Import custom taxonomy

jose_gacia · December 16, 2020, 12:36pm

qiime2-2020.8

Hi everyone, due to the poor taxonomic resolution of my 18S analysis with SILVA, I performed a hand-made BLAST search against NCBI database of the most frecuent OTUs in my samples. With that, I constructed a custom taxonomy in Excel, I saved It tabulated and looks like this

1a399ae40274a80231de62c4ce7494e6        Unidentified
eead39ba0c5b281c44a4ab13cdce761a        Unidentified
96e9b265b30a6db7d50ab05636e07165        Unidentified
36aac0a0dbbef54db69f47a157ec4f07        Eukaryota;Fungi;Dikarya;Ascomycota;Pezizomycotina;Dothideomycetes;Dothideomycetidae;Cladosporiales;Cladosporiaceae

And tried to import It in the following way

qiime tools import
--type 'FeatureData[Taxonomy]'
--input-format HeaderlessTSVTaxonomyFormat
--input-path blast_taxonomy_18s.txt
--output-path ref-taxonomy.qza

But I get this error

Traceback (most recent call last):
  File "/home/superuser/miniconda3/envs/qiime2-2020.8/lib/python3.6/site-packages/q2cli/builtin/tools.py", line 158, in import_data
    view_type=input_format)
  File "/home/superuser/miniconda3/envs/qiime2-2020.8/lib/python3.6/site-packages/qiime2/sdk/result.py", line 241, in import_data
    validate_level='max')
  File "/home/superuser/miniconda3/envs/qiime2-2020.8/lib/python3.6/site-packages/qiime2/sdk/result.py", line 267, in _from_view
    result = transformation(view, validate_level)
  File "/home/superuser/miniconda3/envs/qiime2-2020.8/lib/python3.6/site-packages/qiime2/core/transform.py", line 68, in transformation
    self.validate(view, validate_level)
  File "/home/superuser/miniconda3/envs/qiime2-2020.8/lib/python3.6/site-packages/qiime2/core/transform.py", line 143, in validate
    view.validate(level)
  File "/home/superuser/miniconda3/envs/qiime2-2020.8/lib/python3.6/site-packages/qiime2/plugin/model/file_format.py", line 33, in validate
    if not self.sniff():
  File "/home/superuser/miniconda3/envs/qiime2-2020.8/lib/python3.6/site-packages/q2_types/feature_data/_format.py", line 48, in sniff
    line = fh.readline()
  File "/home/superuser/miniconda3/envs/qiime2-2020.8/lib/python3.6/codecs.py", line 321, in decode
    (result, consumed) = self._buffer_decode(data, self.errors, final)
  File "/home/superuser/miniconda3/envs/qiime2-2020.8/lib/python3.6/encodings/utf_8_sig.py", line 69, in _buffer_decode
    return codecs.utf_8_decode(input, errors, final)
UnicodeDecodeError: 'utf-8' codec can't decode byte 0xa0 in position 5353: invalid start byte

An unexpected error has occurred:

  'utf-8' codec can't decode byte 0xa0 in position 5353: invalid start byte

See above for debug info.

As I understand there's seem to be some non-ascii character. So does anybody have some soggestion on how to save my taxonomy so I can import It?

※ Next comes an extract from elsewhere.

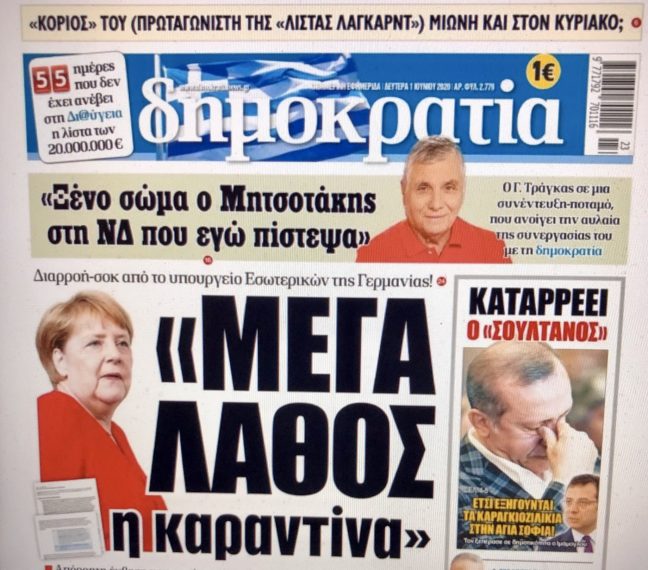 Δείτε και το πρωτοσέλιδο της εφημερίδας «Δημοκρατία» για το θέμα:

SoilRotifer · December 16, 2020, 4:51pm

Hi @jose_gacia,

What command did you run when trying to classify your reads with SILVA? When we observe many poor taxonomy assignments like this, it is typically due to mixed read orientation. I'd recommend using vsearch as outlined here:

Or installing the RESCRIPt plugin, and running rescript orient-seqs on your reads. Then retry the BLAST and/or naíve-bayes classifiers.

-Mike

Nicholas_Bokulich · December 16, 2020, 5:46pm

Hi @jose_gacia,
To add to @SoilRotifer's advice regarding improving taxonomy classification:

Excel is the issue; it is the most likely culprit, inserting special characters into the file that violate the format requirements. You might be able to use mac2unix or a similar tool to automatically remove these special characters from the file... but avoid Excel altogether if possible would be the best way to avoid these issues.

Good luck!

jose_gacia · December 17, 2020, 11:30am

Hi @SoilRotifer

Thanks for your response, This actually made the job, do you recommend extracting the specifics reads from SILVA for my amplicon primers?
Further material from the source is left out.